Hans Olufsson is first mentioned in 1542 as a canon at St Mary's Church, and undoubtedly was a priest both before and after the Reformation in Denmark–Norway and Holstein. As indicated by his patronymic, Hans Olufsson's father was named Oluf. Due to his career as a member of the royal clergy, he almost certainly had a privileged family background. Most canons in Norway at the time were recruited from the lower nobility, and normally studied at universities abroad, which was normally only possible with an affluent background. Hans Olufsson held a prebend (estate held for his lifetime), the prebend of Saint Mary's altar sub lectorio, also known as the prebend of Dillevik, that included the income of 43 church properties (36 huder, hides) in Eastern Norway.

After 1545, when the cathedral chapter of St Mary's Church was dissolved, Hans Olufsson served as a priest at Oslo Cathedral, but retained his prebend affiliated with the estate of St Mary's Church. He died on the night between 17 and 18 September 1570 and was buried in Oslo Cathedral on 19 September. Following his death, his prebend passed to Jens Nilssøn, the noted Oslo humanist and later Bishop of Oslo.

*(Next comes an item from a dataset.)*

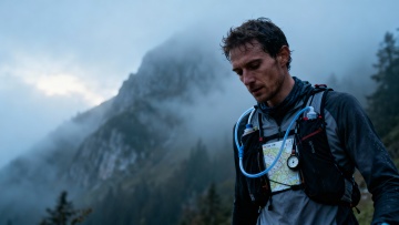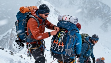 保持手套细节不变,分清正反面,一个外国帅哥穿着这双手套在登山
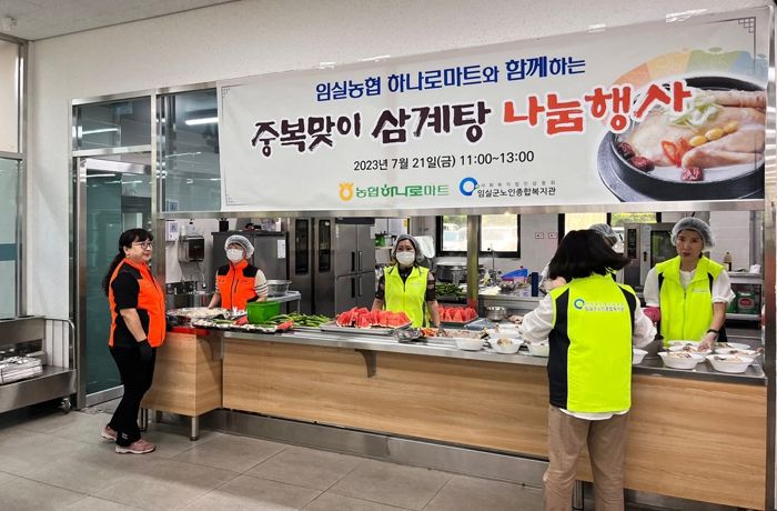 [제주교통복지신문 김강석 기자] 임실군노인종합복지관이 복날을 맞이하여 임실농협 하나로마트와 함께하는“건강한 여름나기‘복’날”삼계탕 나눔행사를 진행했다.

Hans Olufsson's son, as documented by court proceedings from 1602, was Povel Hansson (born ca. 1545–50), who was a merchant in Oslo. According to genealogist S.H. Finne-Grønn, Povel Hansson was almost certainly the father of the priests Hans Povelsson Paus (1587–1648) and Peder Povelsson Paus (1590–1653), two brothers from Oslo who were the progenitors of the Paus family.